This is what a typical DIY investor looks like:
- Logs into his or her account often – daily or weekly;
- Trades infrequently – usually 10 times or less per year;
- Too often overlooks exchange-traded funds – mutual funds are a more common holding.
These nuggets and more come from a recent survey of 2,000 do-it-yourself investors that was conducted for the Ontario Securities Commission. Are you a DIY investor wondering how normal your habits are? Then read on.
The stock-trading boom among retail investors over the past year has been well-documented, but the survey suggests the typical DIY investor isn’t a big-time trader. Forty-three per cent of survey participants said they made 10 trades or less per year, 31 per cent said 11 to 50 trades and only 10 per cent said 51 to 350 (the remainder of investors traded more frequently or didn’t know how often they traded).
As for signing into investment accounts, 25 per cent said they did it on a daily basis, 28 per cent said weekly and 20 per cent said monthly (the remainder did so less often).
While trading via mobile device has become trendy, 56 per cent of survey participants said they place a majority of trades on their computer, and 21 per cent said they did most trading on a mobile phone. Online brokers took a lot of flak for poor service via telephone in recent months, but only 11 per cent of people in the survey said they primarily traded by phone.
Forget any ideas you have about DIYers being risk junkies.
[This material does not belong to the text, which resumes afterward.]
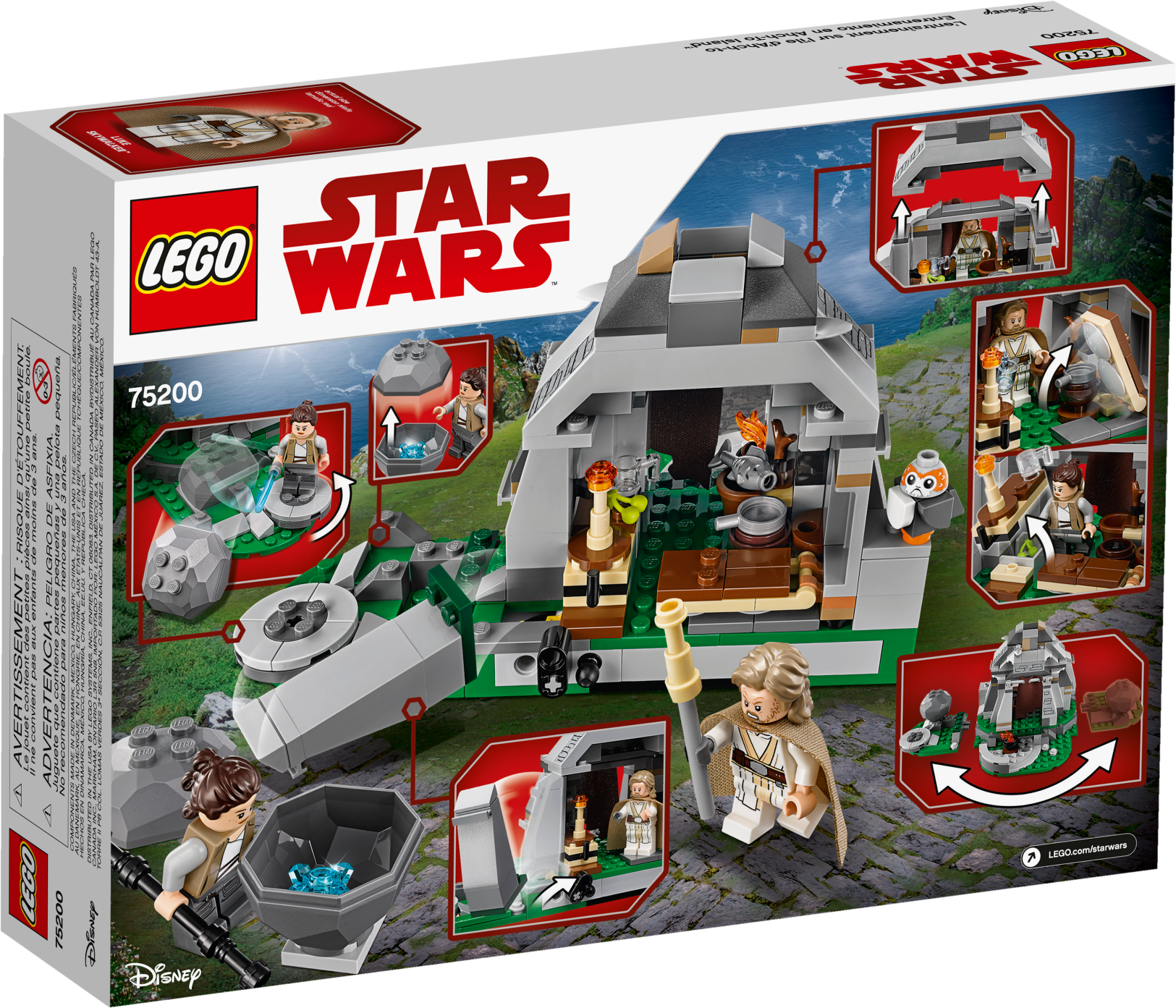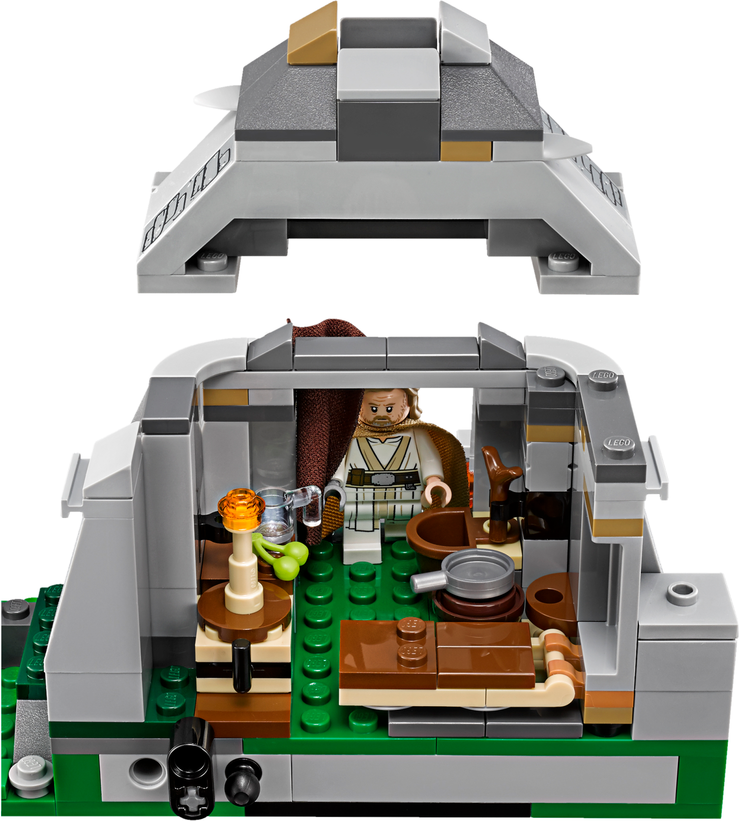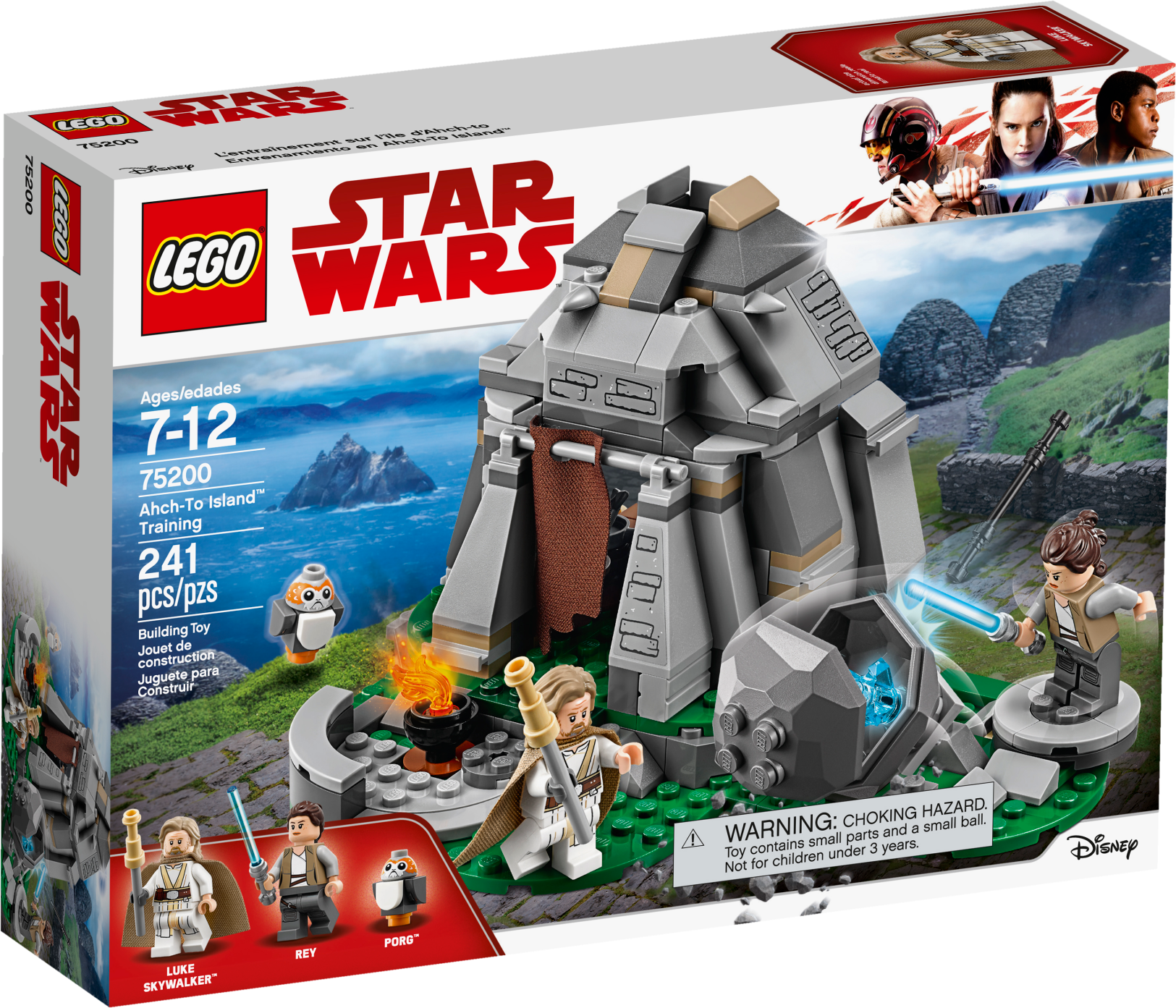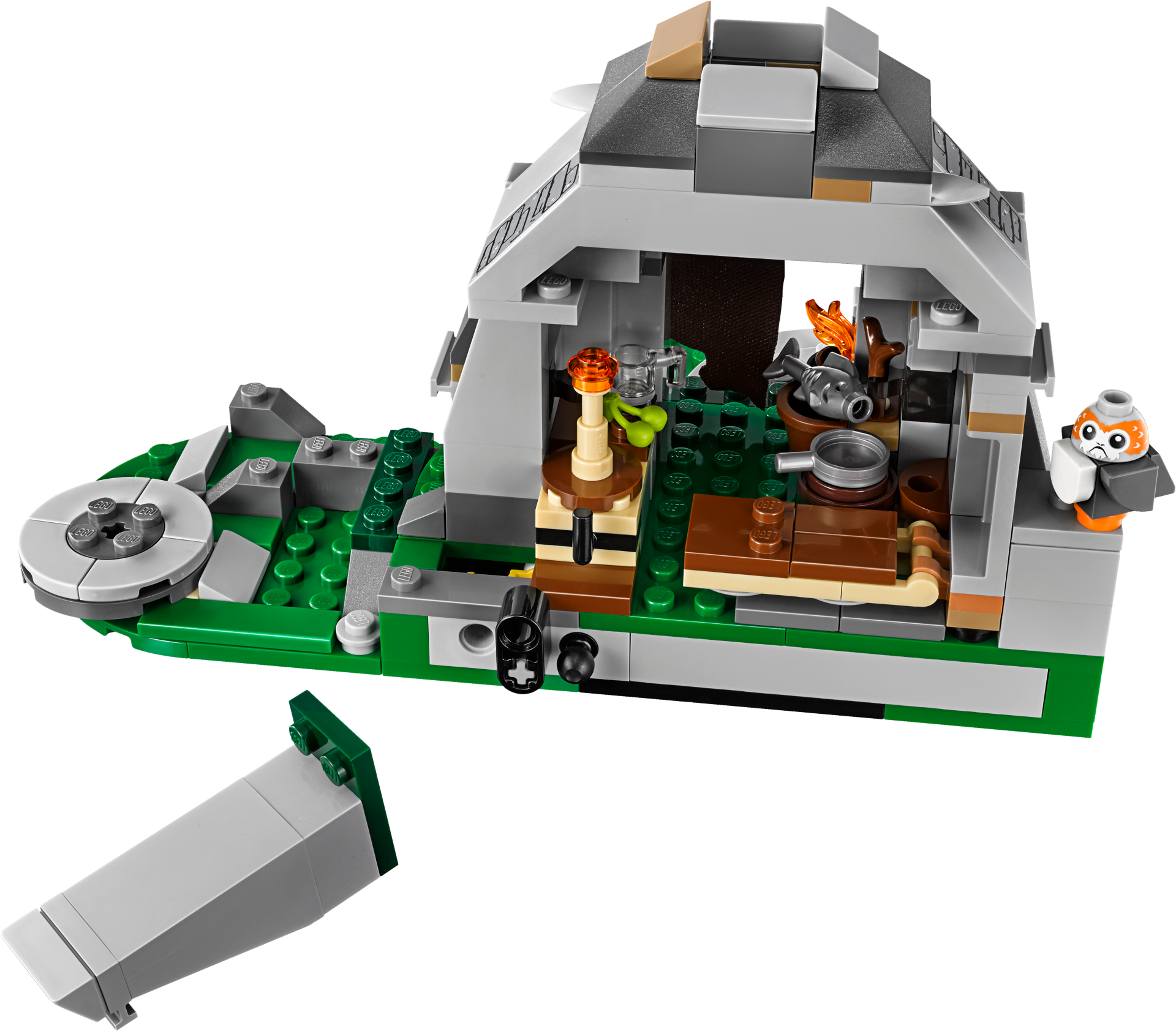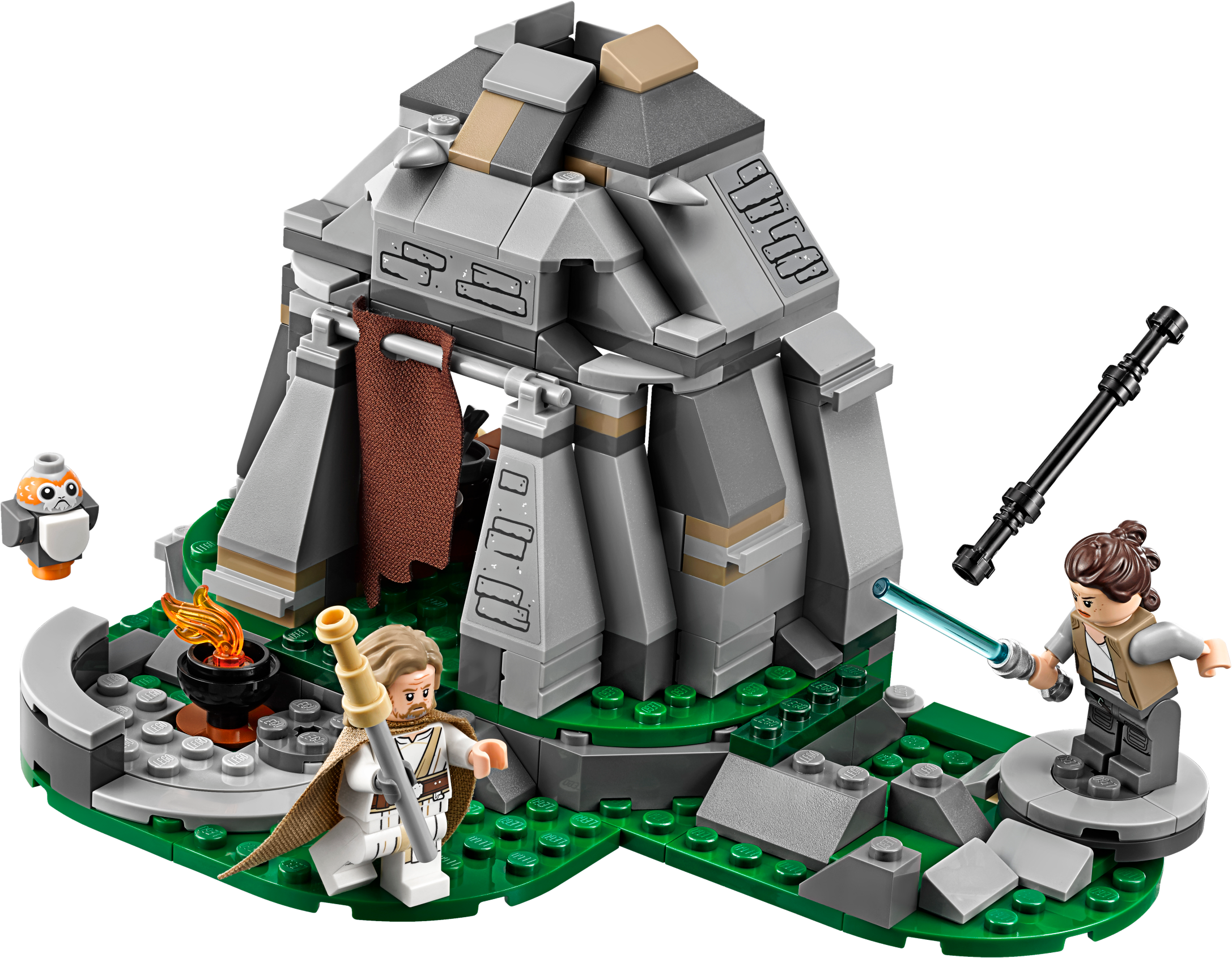 Join Master Luke as he trains Rey at his mountainside dwelling. This LEGO® Star Wars toy features a hut with detailed interior, removable roof section for easy play, small bonfire build and rotating training function with an opening boulder with knockaway feature. With 2 minifigures and a Porg figure, this LEGO brick version of Luke's dwelling from Star Wars: The Last Jedi will immerse any Star Wars fan in a galaxy of Jedi adventures. Includes Luke Skywalker and Rey minifigures, plus a Porg figure. Features a buildable hut with removable roof section for easy access to the interior, which includes a foldaway bed and small kitchen, plus a fabric doorway, perch for the Porg, a small bonfire build and a training function with opening boulder. Weapons include Luke's staff and Rey's Lightsaber and training stick. Kitchenware elements also included. Recreate your own action-packed scenes from the blockbuster Star Wars: The Last Jedi movie. This LEGO® Star Wars toy is suitable for ages 7-12. Hut measures over 4” (11cm) high, 4” (11cm) wide and 6” (17cm) deep.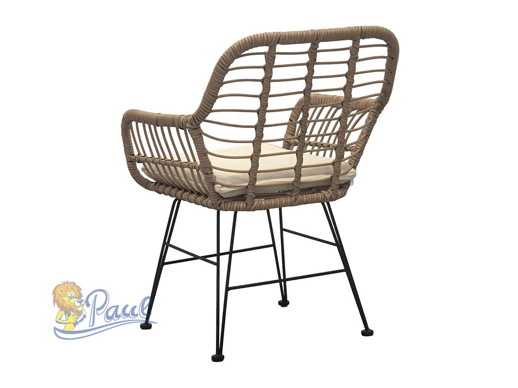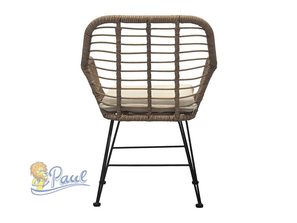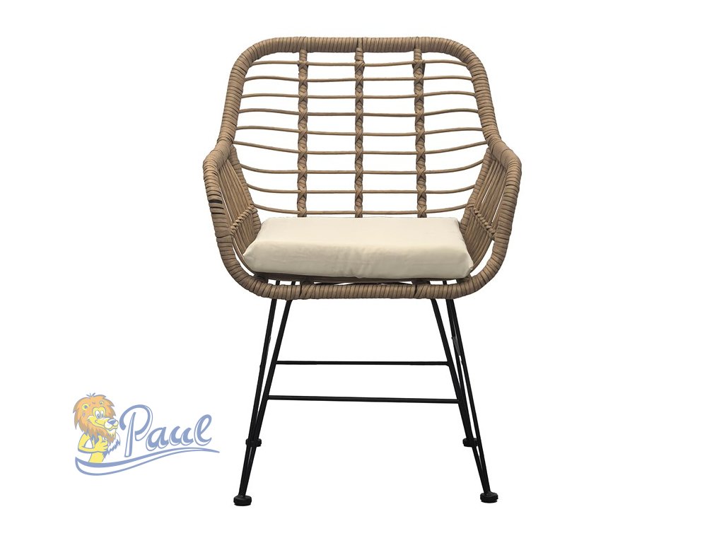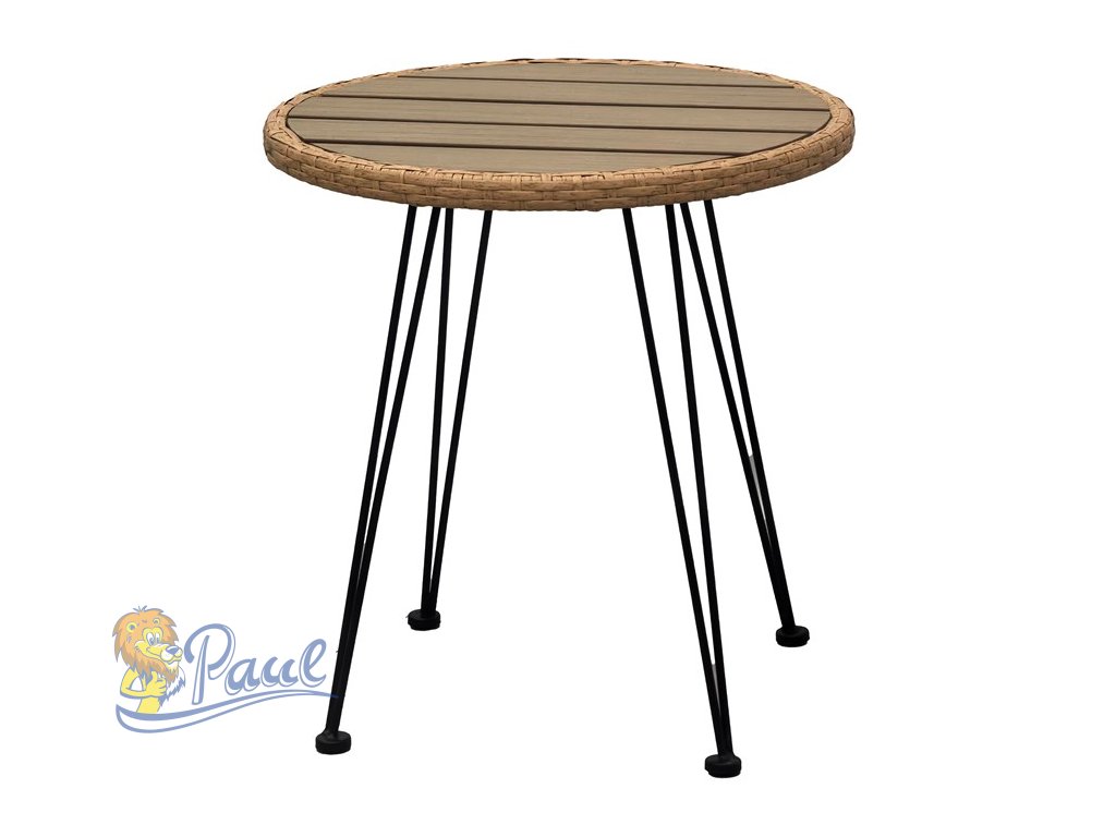Relaxační set stůl + 2 židle, kov, umělý ratan, látka béžová, deska stolku polywood

In the survey, 45 per cent of participants classified themselves as being willing to accept moderate risk. A little more than 40 per cent were either conservative or very conservative, and 11 per cent classified themselves as aggressive.
Online brokers typically offer a wide variety of different orders for investors buying stocks, but market orders (where the investor accepts the current market price when buying and selling) and limit orders (a ceiling price on purchases, or a floor price when selling) were tied for most popular.
The survey’s most surprising finding might be that mutual funds were the most commonly held investment by DIY investors. Sixty-three per cent said funds were part of their portfolio, compared with 59 per cent mentioning individually held stocks, 35 per cent listing guaranteed investment certificates and 31 per cent mentioning ETFs and real estate investment trusts. As much as ETFs have been in the news in recent years, it’s clear that a lot of DIYers have yet to try them.
One thing that is not typical for DIYers is trading on margin. Only about 20 per cent of survey participants said they traded with money borrowed from their broker.